For some reason the loaded "where"-clause is not in effect (see output screenshot below). I can't find the reason what I'm missing. 

 

 

data a;
    do id=1 to 50 by 1;
        value=19;
        output;
    end;
run;

data _null_;
    if 0 then set a;
    if _n_=1 then do;
        declare hash hoh(multidata: "yes");
        hoh.defineKey("table", "where");
        hoh.defineData("h", "table", "where");
        hoh.defineDone();
        declare hiter i_hoh("hoh");

        declare hash h();

        * For comparisons with input dataset --> "h" = rp19;
        table="a";
        where=" ";
        h = _new_ hash(dataset: catx(" ", table, where),
                       multidata: "no");
        h.defineKey("id");
        h.defineData(all: "yes");
        h.defineDone();
        hoh.add();

        table="a";
        where="(where=(id<20))";
        h = _new_ hash(dataset: catx(" ", table, where),
                       multidata: "no");
        h.defineKey("id");
        h.defineData(all: "yes");
        h.defineDone();
        hoh.add();

        table="a (where=(id>40))";
        where=" ";
        h = _new_ hash(dataset: catx(" ", table, where),
                       multidata: "no");
        h.defineKey("id");
        h.defineData(all: "yes");
        h.defineDone();
        hoh.add();
    end;
    * Iterate over "hash of hashes" object to reference the hash objects (rp19, rp23, rp49, rp79) like in an array;
    do while (i_hoh.next() = 0);
        rows = h.num_items;
        put (table rows) (=);
    end;
    stop;
run;

The log window gives me the following output:

 

 

image.png

 

1 ACCEPTED SOLUTION

Accepted Solutions
RichardDeVen
Barite | Level 11

You create a hash instance that memory leaks (albeit very small leak)

declare hash h();   * create uninitialized instance whilst adding to pdv;

In HoH the hash data element h only needs to be declared.  Of course, the _new_ instance must have occurred prior to .add() or .replace() time. So, simply declare the host reference, h, that will interact with your anonymous hashes.

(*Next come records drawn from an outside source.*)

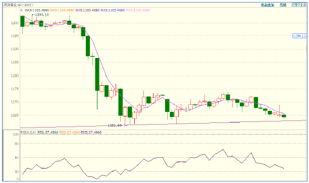 60min级别,黄金由前期平行下跌转变为对称惯性格局,价格围绕MA5均线对称震荡调整,操作上,以MA5均线上方择高沽空为主,上方压力位1173美元,下行不破反弹趋势线可适度轻仓搏反弹。
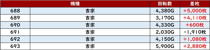 回転数9,000G超えを記録する台が大半を占めており、状況の良さは間違いなさそうであった。
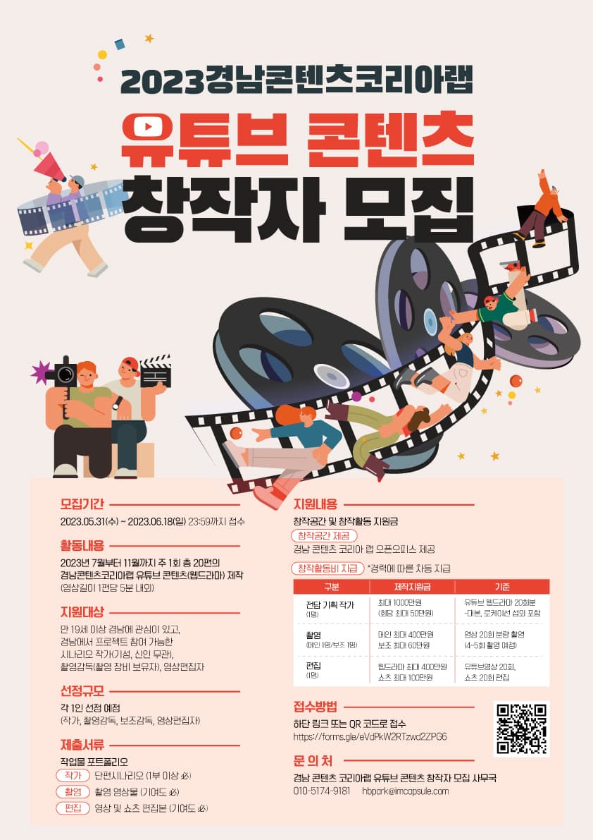📌접수방법 하단 링크 또는 QR 코드로 접수 https://forms.gle/eVdPkW2RTzwd2ZPG6 📌문의처 경남 콘텐츠 코리아랩 유튜브 콘텐츠 창작자 모집 사무국 010-5174-9181 hbpark@imcapsule.com

declare hash h;    * add h, a hash reference, to PDV;

The table variable should be $41 to accommodate longest plain <libref>.<dataset>, that being $8 + $1 + $32.  If the table value is to further accommodate data set options you might want the length to be more like $200.  However, since the where clause is part of the key, you should exhibit discipline and assign only plain data set names to table and use the separate where, say $200, for loading subsets.

 

As stated elsewhere, the 'master' hash hoh does not need to be multidata in your situation.  Also, you do not need to repeatedly code table="<whatever>"; The value will not be altered by a prior hoh.add()

 

Example

data have;
    do id=1 to 50 by 1;
        value=19;
        output;
    end;
run;

data _null_;
    if 0 then set have;

    length table $41;
    length where $200;

    if _n_=1 then do;
        declare hash hoh();
        hoh.defineKey("table", "where");
        hoh.defineData("h", "table", "where");
        hoh.defineDone();

        declare hiter i_hoh("hoh");

        declare hash h;

        table="have";
        where=" ";
        h = _new_ hash(dataset: catx(" ", table, where), multidata: "no");
        h.defineKey("id");
        h.defineData(all: "yes");
        h.defineDone();
        hoh.add();

        where="(where=(id<20))";
        h = _new_ hash(dataset: catx(" ", table, where), multidata: "no");
        h.defineKey("id");
        h.defineData(all: "yes");
        h.defineDone();
        hoh.add();

        where="(where=(id>40))"; 
        h = _new_ hash(dataset: catx(" ", table, where), multidata: "no");
        h.defineKey("id");
        h.defineData(all: "yes");
        h.defineDone();
        hoh.add();
    end;

    do while (i_hoh.next() = 0);
        rows = h.num_items;
        put (table where rows) (=);
    end;

    stop;
run;

Log

NOTE: There were 50 observations read from the data set WORK.HAVE.
NOTE: There were 19 observations read from the data set WORK.HAVE.
      WHERE id<20;
NOTE: There were 10 observations read from the data set WORK.HAVE.
      WHERE id>40;
table=have where=(where=(id<20)) rows=19
table=have where=(where=(id>40)) rows=10
table=have where=  rows=50

 

View solution in original post

5 REPLIES 5
left
Obsidian | Level 7
The comment lines/ part of the comment lines can be ignored (non-relevant and maybe misleading):
--> * For comparisons with input dataset --> "h" = rp19;
--> (rp19, rp23, rp49, rp79)
FreelanceReinh
Jade | Level 19

Hi @left,

 

You just forgot to specify sufficient lengths for the character variables table and where, so that the intended values are truncated to one character.

For example:

length table where $20;

(but I'm sure you actually know that).

mkeintz
PROC Star

Also, I don't think you have any need for multidata:"yes" for hoh, once you have corrected the lengths of table and where.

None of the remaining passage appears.